Macroscope | The Fed, Bank of Japan and ECB are all signalling that the rate-tightening era may have passed … for now
- The Fed has slowed its rate hikes, while there’s no sign of any monetary tightening at the BOJ and ECB right now. This could be good news for Hong Kong and risk assets, at least in the short term
Ten years after the financial crisis, the US central bank has achieved its objective of full employment, with the American jobless rate at a multi-decade low. The Fed is also quite close to its inflation target of 2 per cent, which has helped to justify its steady rate hikes in recent years.
In Japan, structural factors have prevented the economy meeting the BOJ’s 2 per cent inflation target, despite negative interest rates and aggressive government bond and exchange-traded fund purchases. These include negative population growth, financial institutions that are cautious about lending and conservative consumer sentiment. Relative to the US and euro zone, Japan’s inflation target has always seemed unrealistic. Since the 1990s, Japan has only experienced 2 per cent inflation for two reasons, a spike in oil prices or an increase in the goods and services tax. Neither of these sources are generating the type of inflation that the BOJ is looking for, which is brought about by strong domestic demand.

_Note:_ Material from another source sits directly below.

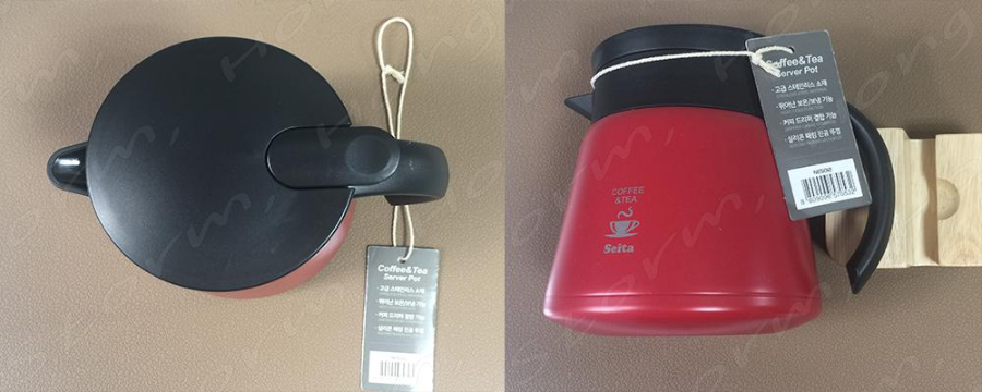 제품 상품 텍이 같이 있습니다. 바코드와 함께, 영어로 Coffee & Tea Server Pot, 스테인리스 소재, 뛰어난 보냉 / 기능, 커피 드리퍼 결합 가능, 실리콘 패킹 진공 뚜껑이라는 글씨가 적혀있습니다. '윤스테이' 에 등장한 Seita와 커피 로고를 통해서 이 제품이 어떤 제품인지 알 수 있었습니다. 그리고 색상의 조합이 모두 검은색으로 있을 때 보다 검은색 + 빨간색으로 되어 있어 조금 더 색다른 느낌을 줄 수 있습니다. 주변에 검은색 제품이 많은 사용자는 한 번쯤 검은색 + 빨간색의 조합으로 포인트를 주는 것도 나쁘지 않습니다.

What this means is that markets’ fear of financial tightening by central banks could be assuaged sooner than expected. In 2018, markets were worried that the Fed could raise rates too aggressively, choking US economic growth and bringing troubles to emerging markets. The combined asset purchase programmes by these three central banks were also expected to swing from net buying to net selling this year. A practical result would have been a withdrawal of liquidity, removing a form of support that has bolstered the prices of risk assets in the past few years.